Des slogans détournés par les manifestants iraniens

Les Iraniens sont habitués à la rhétorique anti-israélienne des tenants du pouvoir. Un discours que les dirigeants iraniens ont l’occasion de rabâcher chaque vendredi, lors de la grande prière politique de Téhéran, ponctuée de traditionnels slogans de « Mort à Israël ! », prônant la destruction de l’État hébreu. D’autres « Mort à l’Amérique » ou « Mort à l’Angleterre » sont aussi prononcés lors de ces rassemblements auxquels participent la frange la plus dure du régime.  

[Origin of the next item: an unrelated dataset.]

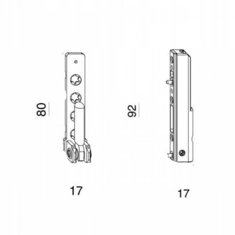 Regulacja wysokości: zawias można regulować w zakresie wysokości kluczem imbusowym 4 mm. Dla uzyskania lepszego komfortu śruba regulacyjna została zaprojektowana że klucz może być stosowany co 30°.

« Ce sont des slogans automatiquement scandés, qui font partie maintenant du discours de base du régime iranien. Mais nombre d’Iraniens les considèrent vides de sens et les détournent lors des manifestations contre le régime appelant à la mort, non pas d’Israël ou des États-Unis, mais à celle du Guide suprême Ali Khamenei », souligne Jonathan Piron.

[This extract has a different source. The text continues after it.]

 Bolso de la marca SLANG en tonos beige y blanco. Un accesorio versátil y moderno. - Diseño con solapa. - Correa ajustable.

Les campagnes d’inscription sur des listes « de martyrs » prêts à s’engager contre Israël sont régulières dans le pays, qui relance ce type d’opération de propagande à chaque offensive israélienne sur Gaza.

L’Iran entretient des liens étroits avec le Hamas, en lui apportant un soutien affiché mais aussi une aide financière et logistique fournie plus spécifiquement par les Gardiens de la révolution. Le chef du bureau politique du Hamas, Ismaïl Haniyeh, a d’ailleurs reconnu dans une interview accordée à Al-Jazira, début 2022, que le mouvement islamiste « avait reçu 70 millions de dollars d’aide militaire » de la part de l’Iran.

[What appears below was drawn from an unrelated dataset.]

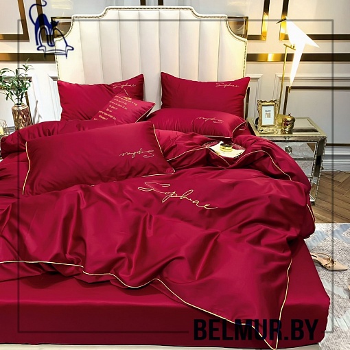 КПБ Winni Simplicity с простыней на резинке /размер 2-спальный/ однотонный с вышивкой красный

Téhéran financerait plus généralement tous les groupes armés palestiniens à hauteur de 100 millions de dollars par an, selon un rapport du département d’État américain publié en 2020.

Refus de piétiner le drapeau d’Israël

À Téhéran, ces derniers jours, s’affichait un panneau publicitaire géant encourageant la mobilisation des populations du Moyen-Orient « contre l’oppression ».

 

Un jeu dangereux

Les tensions entre pro et anti-régime en Iran sont telles depuis la mort de Mahsa Amini en septembre 2022, que le soutien total du régime islamique au Hamas provoque des débordements. Le 8 octobre, au lendemain de la sanglante attaque du Hamas, lors d’un match de football du club de Persepolis, des supporters iraniens s’en sont pris à des pro-régime qui agitaient un drapeau palestinien dans le stade. 

De son côté, à trop vouloir encourager la guerre contre Israël, le régime iranien joue gros, estime Jonathan Piron : « Téhéran mobilise avec un soutien fort à la Palestine, mais il risque de se retrouver coincé s’il ne compte pas aller jusqu’au bout ». Un jeu dangereux, d’autant que les États-Unis, alliés de l’État hébreu, ont annoncé, le 22 octobre, le renforcement de leur dispositif militaire dans la région et ont mis en garde l’Iran et des organisations armées contre tout élargissement du conflit au Proche-Orient.